Beaumont Hospital (Royal Oak, MI) was selected as the winner of the inaugural Health Devices Achievement Award, presented in June 2006 at a reception in Washington, D.C., for its comprehensive approach to selecting and deploying a new communication system to improve telemetry-alarm response times.
The Health Devices Achievement Award recognizes outstanding initiatives undertaken by member healthcare institutions to improve patient safety, reduce costs, or otherwise facilitate better strategic management of health technology.
Learn about the other submissions that achieved recognition.
ECRI congratulates the Beaumont Hospital team: Salil Balar, Kim Bonzheim, Monique Brand, Cathy Campbell, Kim Caramagno, Danielle Diffin, Rani Gebara, Izabella Gieras, Mary Gunn, Sue Hella, Jim Kauflin, Bridget O'Hare, and Rita Stockman. In developing and implementing its initiative, the Beaumont team was also assisted by several physician sponsors and administrators and by a consultant.
Despite successful implementation of a new centralized telemetry monitoring system, overall satisfaction with the system at Beaumont Hospital was running low because of shortcomings in the process used to communicate telemetry alarm events. At the time, specially trained telemetry technicians would verify alarms and then page the patient's nurse. The nurse would then call to confirm receipt of the page and to request any additional information. If the nurse did not respond within three minutes, the technician would reissue the page.

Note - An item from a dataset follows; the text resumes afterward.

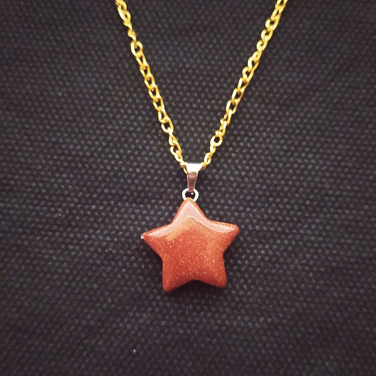 Collar con estrella de piedra natural café brillantina y cadena dorada

If necessary, the page would be directed to other personnel following the specified "chain of command." This process was not working well, however. Response times were long. Pages would frequently have to be reissued, which contributed to nurses becoming desensitized to the pages. Teamwork was breaking down. And patient care was being adversely affected.
To investigate the problem, Beaumont staff assembled a multidisciplinary team, including more than a dozen clinical engineers, technicians, nurses, doctors, researchers, and administrators. Using a data-driven, user-centered approach, the team analyzed the problem and evaluated alternatives, including the need for process reengineering and new technology.
Jim Keller, ECRI's Vice President for Health Technology Evaluation and Safety, presents the Health Devices Achievement Award to Salil Balar (center), a Clinical Engineer at Beaumont Hospital, and Izabella Gieras (left), the facility's Director of Technology Management.
One of the first steps taken was to quantify the problem. To do this, the team chose to measure alarm response time, since this metric is an indicator of the entire technician/nurse communication process. Clinical and human factors engineers measured response times on several occasions. Through these efforts, the facility learned that the existing process resulted in a mean response time of 9.5 minutes.
To help identify possible areas for improvement, the team conducted a failure mode and effects analysis (FMEA). Based on the results of this analysis, the team hypothesized that response times could be reduced to the established target of three minutes by (1) standardizing the technician/nurse alarm communication process and (2) improving the technician's interface with the telemetry monitoring equipment.
Ultimately, it was determined that standardization did not have a significant impact on response times using the existing pager/telephone communication technology. Thus, focus shifted to analyzing the technician/computer interface.
Using videotaped and real-time observations of telemetry technicians and nurses responding to and communicating about alarms, the Beaumont team determined that the pager/telephone method of communication did not meet the needs of the staff. Thus, a decision was made to try a new "communication badge." This badge is a two-way, voice-activated (i.e., hands-free) wireless communication system. Telemetry monitoring technicians can speak directly to the nurses through the badge, and the nurses can speak directly to the technicians to ask questions.
Introducing the new technology significantly streamlined the alarm notification protocol and drastically shortened alarm response times. The Beaumont team reported the following statistics:
Mean alarm response time dropped from 9.5 minutes to 39 seconds, well under the target of 3 minutes.
Use of the communication badge led to 100% closure of the communication loop, compared with an average of 35% when pagers were used.
The team further stated that, as a result of the use of this new technology, staff productivity increased and a renewed sense of teamwork flourished.
The initiative described in this submission is one example of how incorporating human factors testing in the technology management process can lead to optimal technology selection. In addition to advising hospital departments on traditional efficacy and cost considerations, clinical and human factors engineers at Beaumont Hospital work closely with clinicians to conduct human factors and ease-of-use studies, apply risk management techniques, develop process improvements, and integrate technologies to achieve excellence in both technology management and patient care.
ECRI again congratulates the team from Beaumont Hospital for its exceptional efforts in improving patient safety at its facility.